Wed Jan 9 10:28:27 PST 2019

> >> This might be because the upstream Lustre doesn't allow setting per-process
> >> JobID via environment variable, only as a single per-node value.  The real
> >> unfortunate part is that the "get JobID from environment" actually works for
> >> every reasonable architecture (even the one which was originally broken
> >> fixed it), but it got yanked anyway.  This is actually one of the features
> >> of Lustre that lots of HPC sites like to use, since it allows them to track
> >> on the servers which users/jobs/processes on the client are doing IO.
> > 
> > To give background for Neil see thread:
> > 
> > https://lore.kernel.org/patchwork/patch/416846
> > 
> > In this case I do agree with Greg. The latest jobid does implement an
> > upcall and upcalls don't play niece with containers. Their is also the
> > namespace issue pointed out.
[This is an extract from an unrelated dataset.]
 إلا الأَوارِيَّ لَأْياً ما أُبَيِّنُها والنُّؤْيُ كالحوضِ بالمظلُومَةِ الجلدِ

I think the namespace issue might be fixed
> > in the latest OpenSFS code.
> 
> I'm not sure what you mean?  AFAIK, there is no upcall for JobID, except
> maybe in the kernel client where we weren't allowed to parse the process
> environment directly.  I agree an upcall is problematic with namespaces,
> in addition to being less functional (only a JobID per node instead of
> per process), which is why direct access to JOBENV is better IMHO.

I have some evil ideas about this. Need to think about it some more since
this is a more complex problem.

> > The whole approach to stats in lustre is
> > pretty awful. Take jobstats for example. Currently the approach is
> > to poll inside the kernel at specific intervals. Part of the polling is 
> > scanning the running processes environment space. On top of this the 
> > administor ends up creating scripts to poll the proc / debugfs entry. 
> > Other types of lustre stat files take a similar approach. Scripts have
> > to poll debugfs / procfs entries.
> 
> I think that issue is orthogonal to getting the actual JobID.  That is
> the stats collection from the kernel.  We shouldn't be inventing a new
> way to process that.  What does "top" do?  Read a thousand /proc files
> every second because that is flexible for different use cases.  There
> are much fewer Lustre stats files on a given node, and I haven't heard
> that the actual stats reading interface is a performance issue.
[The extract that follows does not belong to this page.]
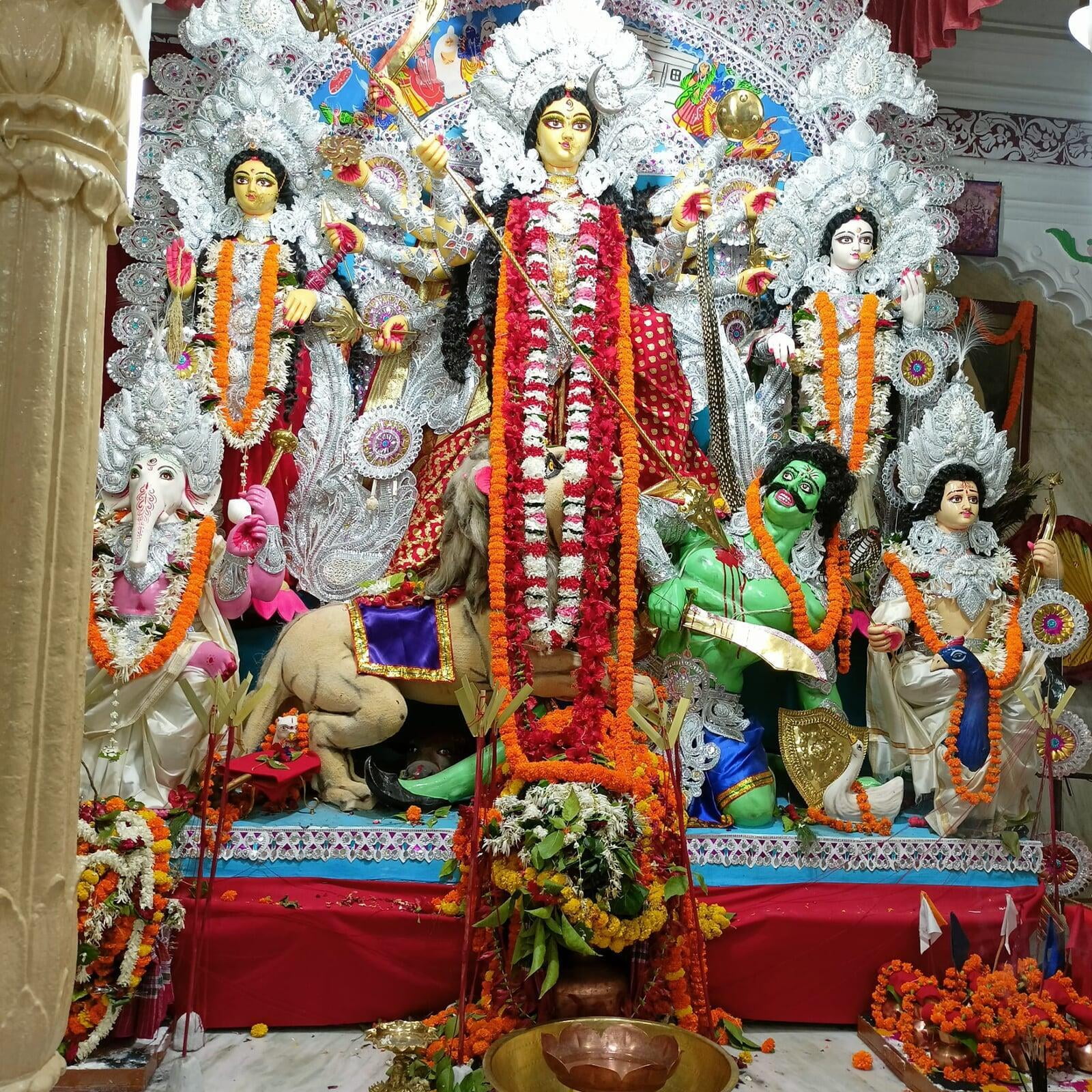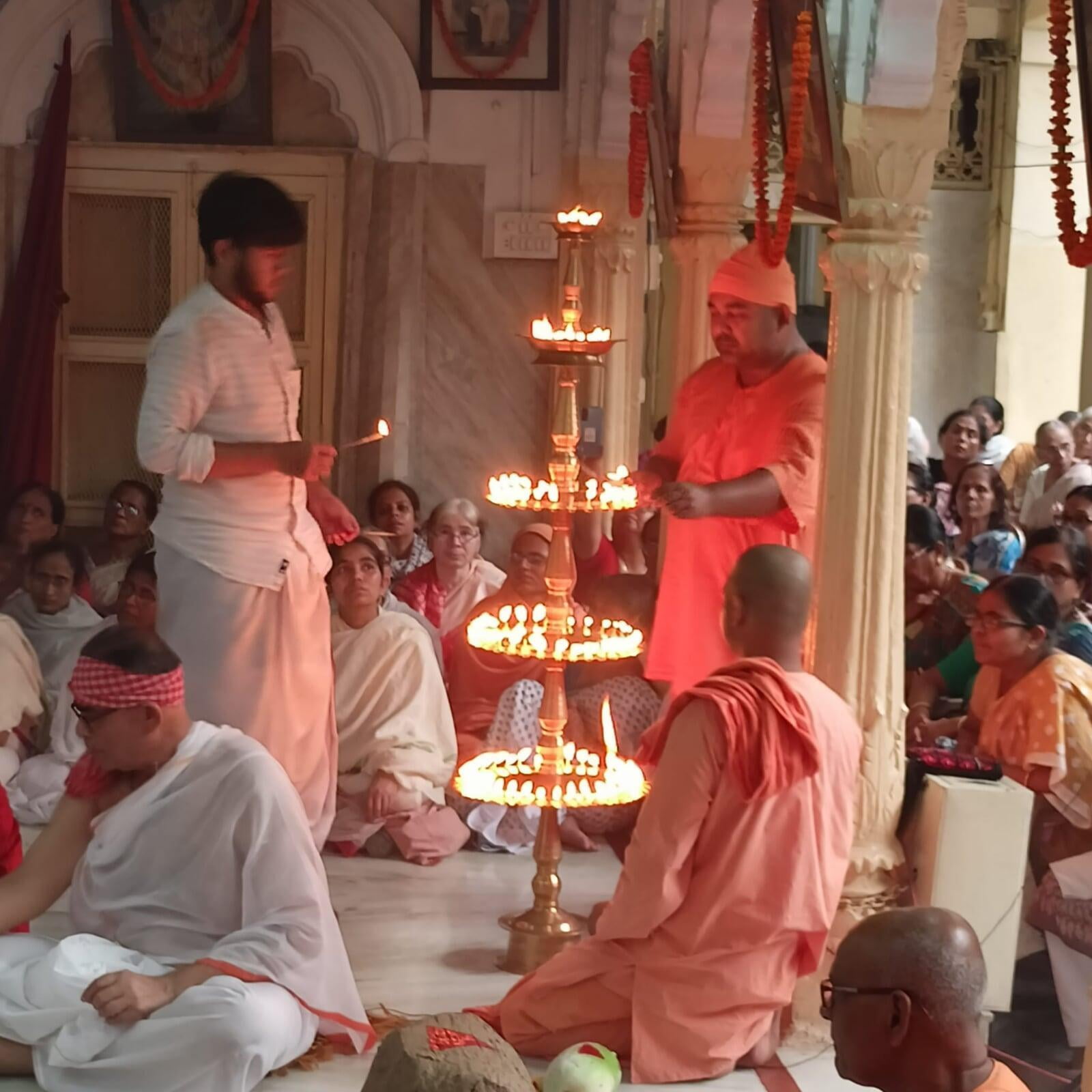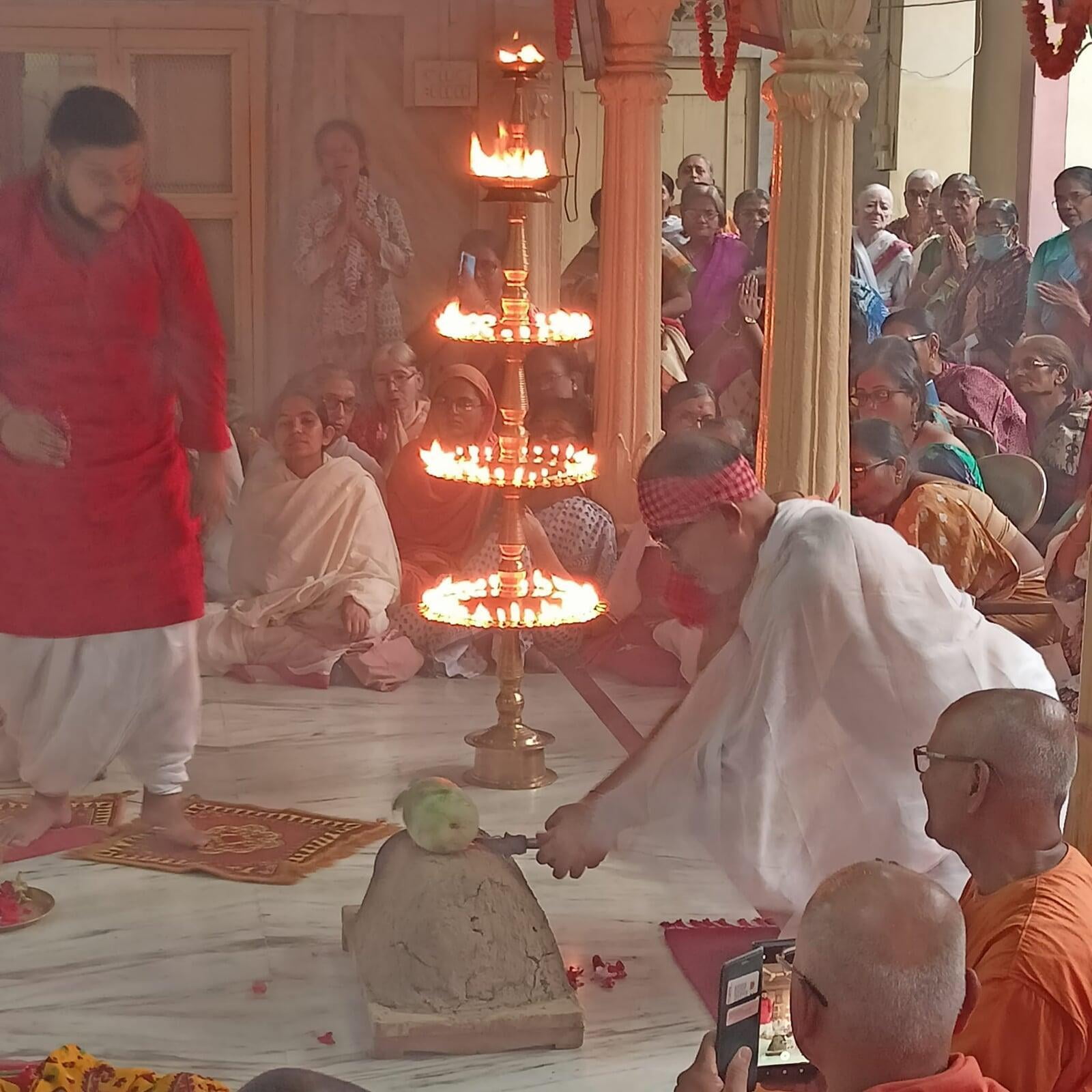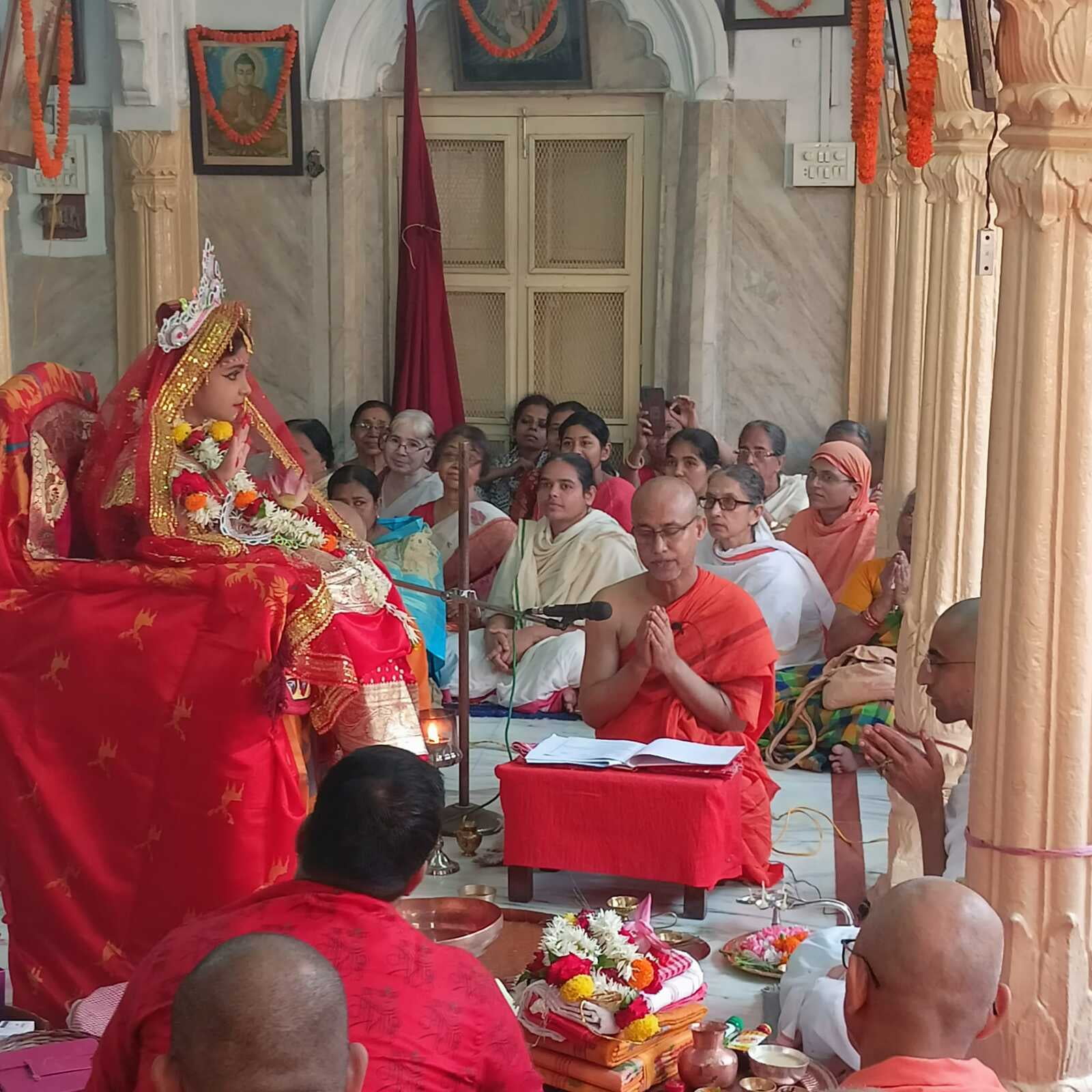 Durgotsava in the city of Lord Vishwanath has a special significance both religiously and socially. After Belur Math, the headquarters of Ramakrishna order, if the Durga Puja of any branch is regarded as the most ancient and traditional, it is that of Kashi Ramakrishna Advaita Ashrama. In the year 1908 on the special request of Pulin Babu (a devotee), Swami Brahmananda ji arranged for the first Durga Puja to be performed in image (pratima) here. After this, in the year 1913 on the special prayer of Nistarini Devi, the wife of Sri Navgopal Ghosh (a devotee of Sri Sri Thakur), Raja Maharaj himself made special arrangements for Durga Puja to be performed in Pratima itself and was physically present during the entire celebration. Since then, every year Durga Puja is being held perpetually at the historical Durga Mandap located in the Ashrama in a grand refulgent idol conventionally made on a single base (Ek Chala). The tradition of performing Kali Kirtan during Durga Puja originated from here itself. Even today, Kashi Advaita Ashrama has a different identity among the three popular schools (gharanas) of Kali Kirtan in the Ramakrishna Sangha. Sadhus of Sevashrama use to practice Kali Kirtan every year prior to the Puja and when the chorus is sung collectively in the mandap, the atmosphere seems to be mesmerizing and infusing a new life filled with unbounded ecstasy. There is a practice of performing tantric homa on Navami, but only in Kashi Advaita Ashrama, Vedic Hawan (यजर्वेु र्वेदीय कुशकण्डिका) was done under the supervision of learned sanyasis and Sanskrit pundits of Kashi. On the Shasthi tithi vishal Sadhu Bhandara is organized for the sadhus of Dashanami Sampradaya (monks in the tradition of Acharya Shankar) including some other groups of monks who maintain close relation with the Ashrama. Nearly three thousand devotees partake anna bhog prasad (cooked lunch Prasad) in the noon on all the three days of the mahapuja i.e. saptami, mahashtami and mahanavami. Devotees come from far and wide to see the unique beauty of Kumari Puja. The evening aarti is performed by the pujari (the worshiper or the priest), the tantradharak (monk who chants mantras) and the chandi pathak (monk who recites Sri Sri Chandi or Devimahatamaya) mutually together. On Vijaya Dashami, after immersion of the idol, shantijal is sprinkled on the devotees. Hence, the Durga Puja of Kashi Advaita Ashrama has its own tradition, uniqueness and importance in Ramakrishna Math & Mission. Even the common mass of Kashi consider their Navratri to be incomplete without having the darshan of the magna-mater videlicet Maa Durga at Advaita Ashrama as there is a general belief among them that the worship of Kaudiya Hospital (as localite refer to Sevashrama) is performed with complete devotion adhering to the shastric tradition. Devotees from different parts of the city and nation at large alike experience a magnetic pull and frequent the ashrama year after year on during Durga Puja.

Because the policy for the linux kernel is not to add non processes 
related information in procfs anymore. "top" reads process information
from procfs which is okay. This means the stats lustre generates are
required to be placed in debugfs. The problem their is you need to be
root to access this information. I told the administrator about this
and they told me in no way will they run an application as root just
to read stats. We really don't want to require users to mount their
debugfs partitions to allow non root uses to access it. So I looked 
into alteranatives. Actually with netlink you have far more power for 
handling stats then polling some proc file. Also while for most cases the 
stat files are not huge in general but if we do end up having a stat 
seq_file with a huge amount of data then polling that file can really 
spike the load on an node. 

> > I have been thinking what would be a better approach since I like to
> > approach this problem for the 2.13 time frame. Our admins at my work
> > place want to be able to collect application stats without being root.
> > So placing stats in debugfs is not an option, which we currently do
> > the linux client :-( The stats are not a good fit for sysfs. The solution 
> > I have been pondering is using netlink. Since netlink is socket based it 
> > can be treated as a pipe. Now you are thinking well you still need to poll 
> > on the netlink socket but you don't have too. systemd does it for you :-)  
> > We can create systemd service file which uses
> 
> For the love of all that is holy, do not make Lustre stats usage depend
> on Systemd to be usable.

I never write code that locks in one approach ever. Take for example the
lctl conf_param / set_param -P handling with the move to sysfs. Instead
of the old upcall method to lctl now we have a udev rule. That rule is not
law!!! A site could create their own udev rule if they want to say log
changes to the lustre tunables. Keep in mind udev rules need to be simple
since they block until completed much like upcalls do. If you want to
run a heavy application you can create a system.d service to handle the
tunable uevent. If you are really clever you can use dbus to send that
the tuning event to external nodes. Their are many creative options.

The same is true with the stats netlink approach. I was up late last night
pondering a design for the netlink stats. I have to put together a list
of my ideas and run it by my admins. So no systemd is not a hard 
requirment. Just an option for people into that sort of thing. Using
udev and netlink opens up a whole new stack to take advantage of.